Seventy-six-year-old Wynn serves as Chief Executive Officer for Wynn Resorts Limited, which runs a string of luxury integrated casino resorts in Las Vegas and Macau, and he was accused via a Saturday story published in The Wall Street Journal newspaper of possibly pressuring some of his workers into performing sexual acts.
According to a report from the MarketWatch financial information service, these allegations have led to the share price for Las Vegas-based Wynne Resorts Limited dropping by as much as 9% since Monday while credit rankings firm S&P Global Ratings subsequently decreased the company’s BB- ratings outlook from ‘stable’ to ‘negative’.

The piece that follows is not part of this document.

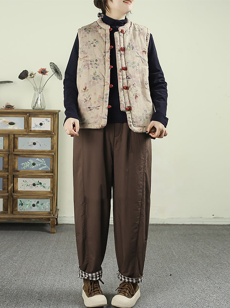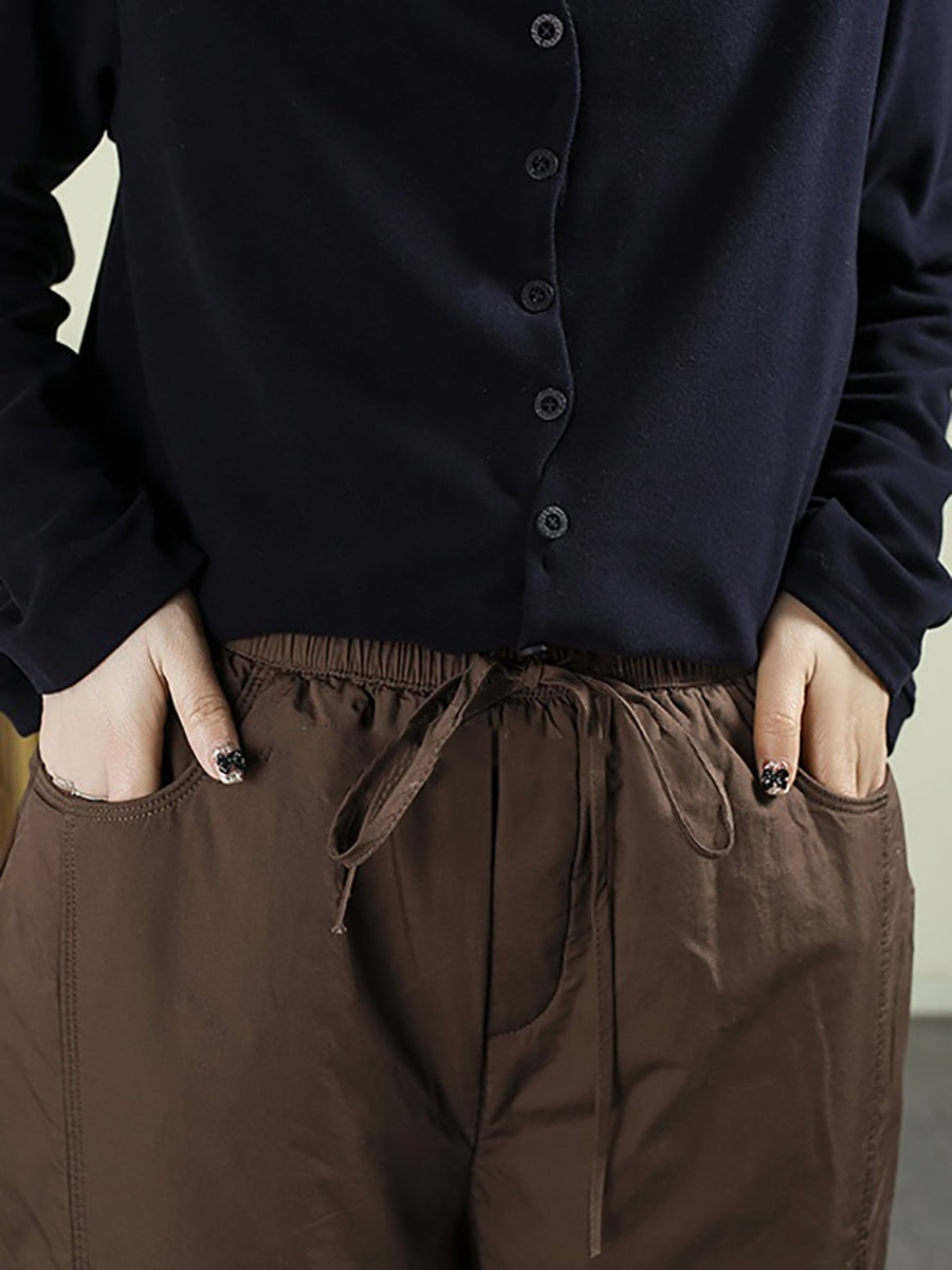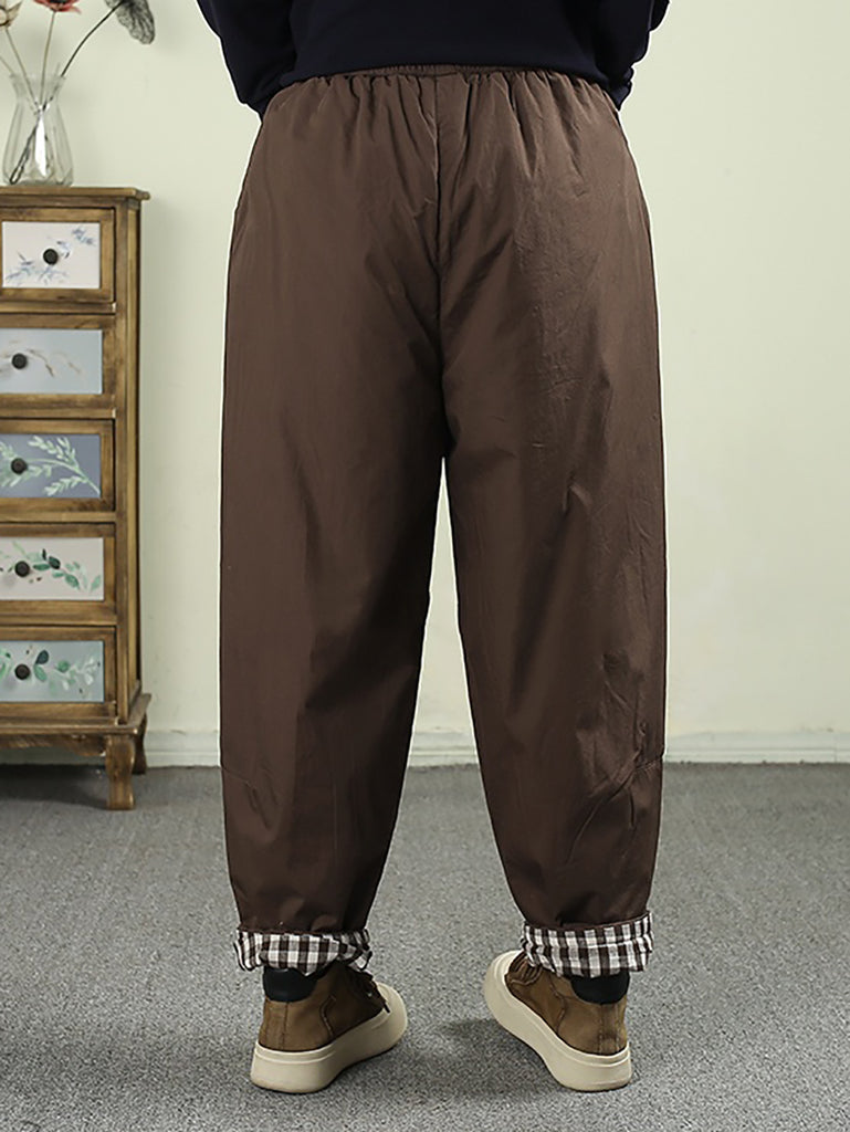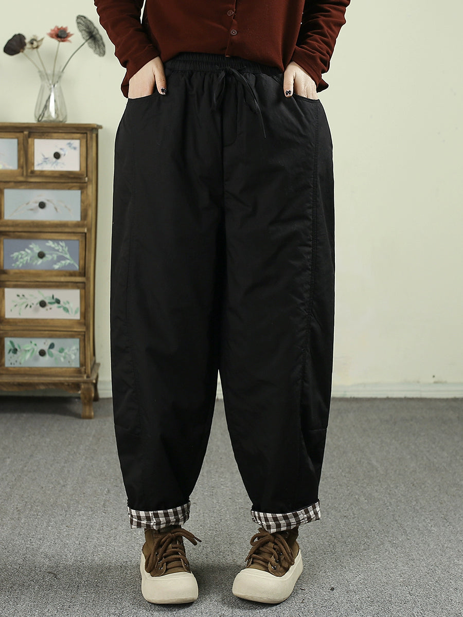 Women Winter Retro Pure Color Padded Harem Pants

S&P Global Ratings reportedly declared that its downward revision had reflected ‘the significant uncertainty surrounding the resolution of various investigations into the misconduct allegations against’ Wynn including one recently announced by the Massachusetts Gaming Commission regarding the billionaire’s ‘suitability and integrity’ to run gambling at the under-construction Wynn Boston Harbor Resort.
“This includes the extent to which these allegations impair Wynn Resorts Limited’s brand and hurt cash flow, whether the company is able to maintain its gaming licenses, whether there will be a transition in leadership and, if so, what form that might take,” reportedly read a statement from S&P Global Ratings.